Le musicien et acteur a accepté de jouer les ambassadeurs pour une application, Studytracks, qui promet de lutter contre l’échec scolaire grâce à la musique. Le concept, né de l’imagination d’un producteur anglais désemparé devant les lacunes de son fils en physique, est simple comme un rythme binaire : rendre les cours faciles à mémoriser en les faisant chanter par des artistes, sur des mélodies et dans des styles d’aujourd’hui. L’application, qui cherche à percer en France (lire ci-dessous), a confié trois leçons à JoeyStarr, sur la liberté, la Résistance et l’affaire Dreyfus.

«Vous êtes vraiment une génération qui sert à rien»

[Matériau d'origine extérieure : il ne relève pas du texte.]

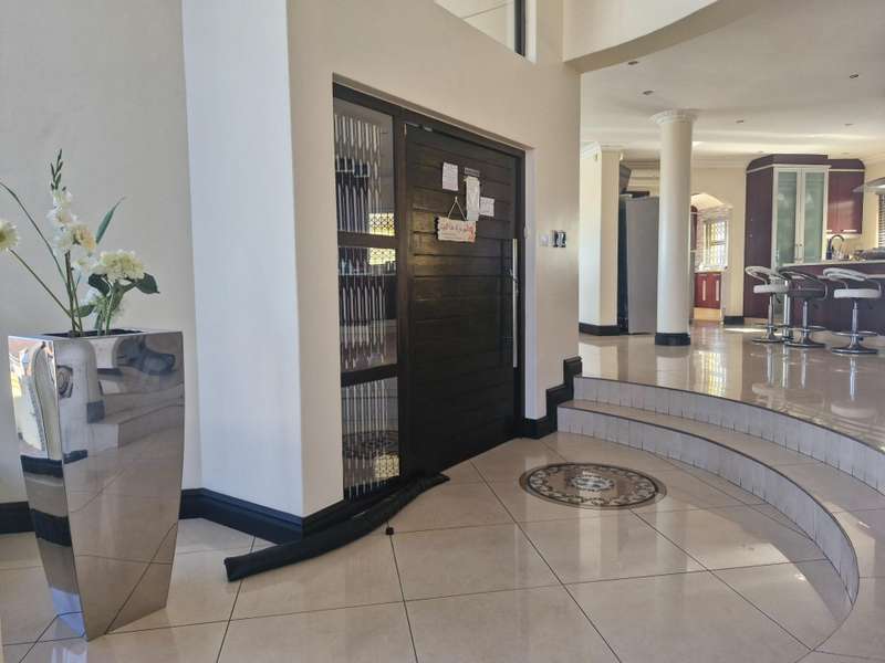 Sole and Exclusive Mandate Step into a world of refined elegance in this spectacular six-bedroom, seven-bathroom home nestled in the prestigious Stanger Manor ?Çô where luxury, comfort, and opportunity unite. From the moment you arrive, a serene Koi Pond at the entrance welcomes you, setting the tone for the elegance that lies within. A majestic, single-sided grand staircase framed by sparkling crystal chandeliers creates a breathtaking entrance that leaves a lasting impression. At the heart of the home lies a master chef-style kitchen, fully equipped with high-end finishes, ample counter space, and a massive scullery ?Çô ideal for entertaining or catering purposes. The home offers expansive living spaces including a formal sunken lounge perfect for hosting guests, and a separate TV room for relaxed family time. Step outdoors to a resort-style entertainment area featuring a sparkling swimming pool and an expansive yard ?Çô perfect for family gatherings, events, or simply soaking up the sun in privacy. The main bedroom is a luxurious retreat featuring a walk-in closet, a private dress-up room, and a spa-inspired en-suite bathroom that defines indulgence. Each of the five additional bedrooms is generously sized, with its own en-suite bathroom and private balcony ?Çô ensuring comfort, privacy, and style throughout. Bonus: B&B Potential With its en-suite bedrooms, multiple lounges, reception room, and ample parking space, this home offers incredible potential to operate as a boutique Bed & Breakfast. Its layout, location, and luxurious amenities make it an ideal investment for those looking to generate income while enjoying premium living. Additional features include: Dedicated study/home office Fully equipped laundry room Ample storage throughout JoJo tanks for water sustainability Secure and peaceful neighbourhood Close proximity to schools, shopping, and transport routes This home is truly a rare find ?Çô perfect for a large family, those who love to entertain, or visionary buyers looking to tap into the hospitality market with a ready-to-go B&B setup. Welcome to Stanger Manor - Where your dream home awaits. Contact us today to arrange a viewing!

« Je n’en reviens pas qu’il soit venu pour nous », sourit Alexandre, 18 ans, encore esbaudi d’avoir rencontré celui dont les albums résonnaient dans la chambre de son grand frère quand il était petit. Les lycéens n’étaient pas nés quand est sorti le dernier album studio de NTM, en 1998, et ils n’ont guère en tête l’œuvre du groupe. « Du rap ancien », résume Dylan comme on parlerait de parchemins surgis de l’Antiquité. Mais ils connaissent l’épaisseur de l’homme d’écrans. « On a du respect pour lui. Si le rap français existe, c’est un peu grâce à lui. »

Les têtes soudainement moins lourdes qu’à l’heure précédente, les lycéens regardent, bouche bée, « l’expert de la maison mère ». Leur réaction face à l’icône est logique : ils veulent la prendre en photo. « Je suis le professeur, attends. D’où on filme le professeur ? », répond l’artiste au premier qui ose un timide « On peut filmer ? » Et puis, il balaye l’espace de la main, avec une impatience jouée : « Allez vas-y, fais ta vie… Vous êtes vraiment une génération qui sert à rien ! » Et voilà partie la séance de selfies.